Ездили в больницу к деду. Угроза инфаркта миновала, тот долечивался и снова был похож на самого себя. Андрей иногда задумывался, как сложатся отношения дальше. Сам не почуяв как, он втянулся в свое нечаемое отцовство и уже с трудом представлял себе жизнь совсем без Антона. То есть как вот он будет жить – и не знать никакого мальчика пяти лет. Но и представить себе, как бы можно было устроить жизнь вместе с мальчиком – тоже не мог.

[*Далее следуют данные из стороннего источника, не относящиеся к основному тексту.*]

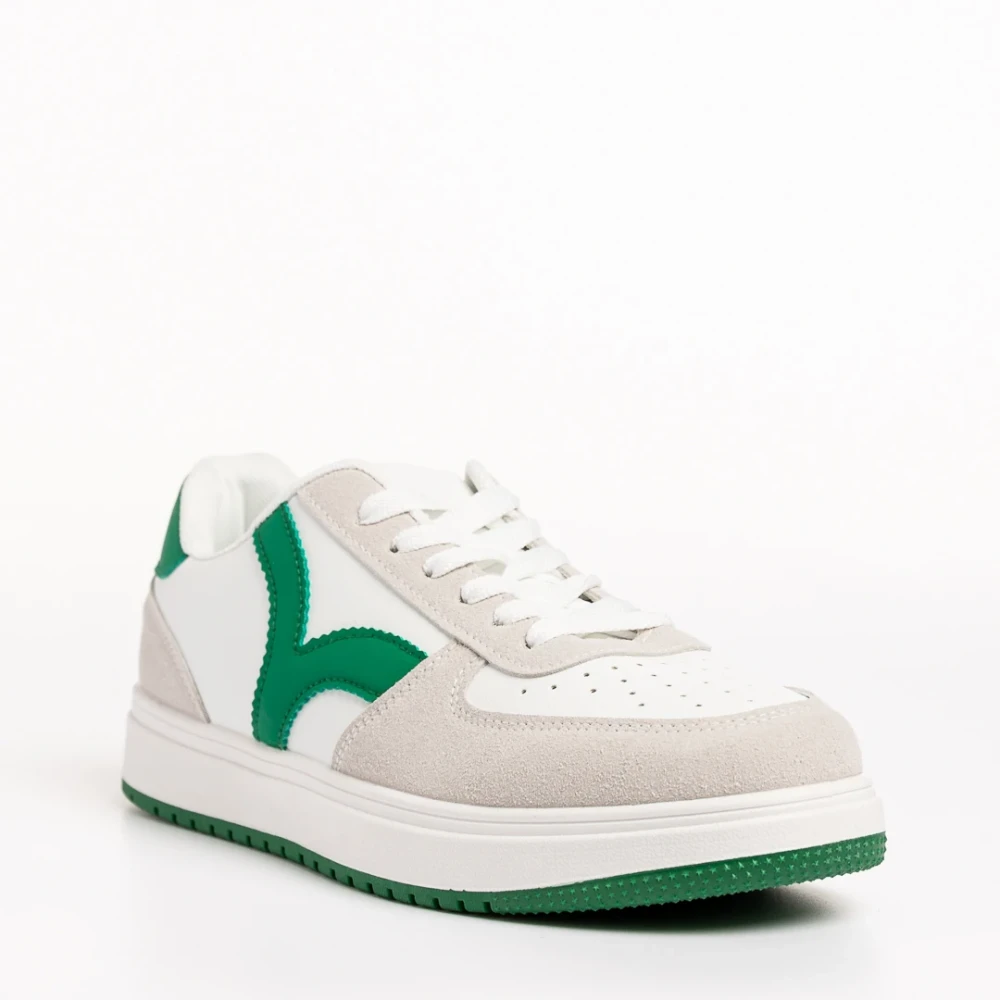 Criseida fehér és zöld női sportcipő, műbőrből készült

Однажды они вдвоем возились с «Лего», и папаша раздувался от непривычной отцовской гордости, наблюдая интерес и сообразительность Антона.
– Ну ты крут, – хвалил он его. – Молодец! Настоящий строитель! Будешь строителем, когда вырастешь?
– Не знаю. Сперва еще надо у дедушки спросить, – рассудительно отвечал ребенок. – Я ведь у него только один. И у меня дедушка один.
– М-да, это верно, – без энтузиазма мямлил застыдившийся Андрей.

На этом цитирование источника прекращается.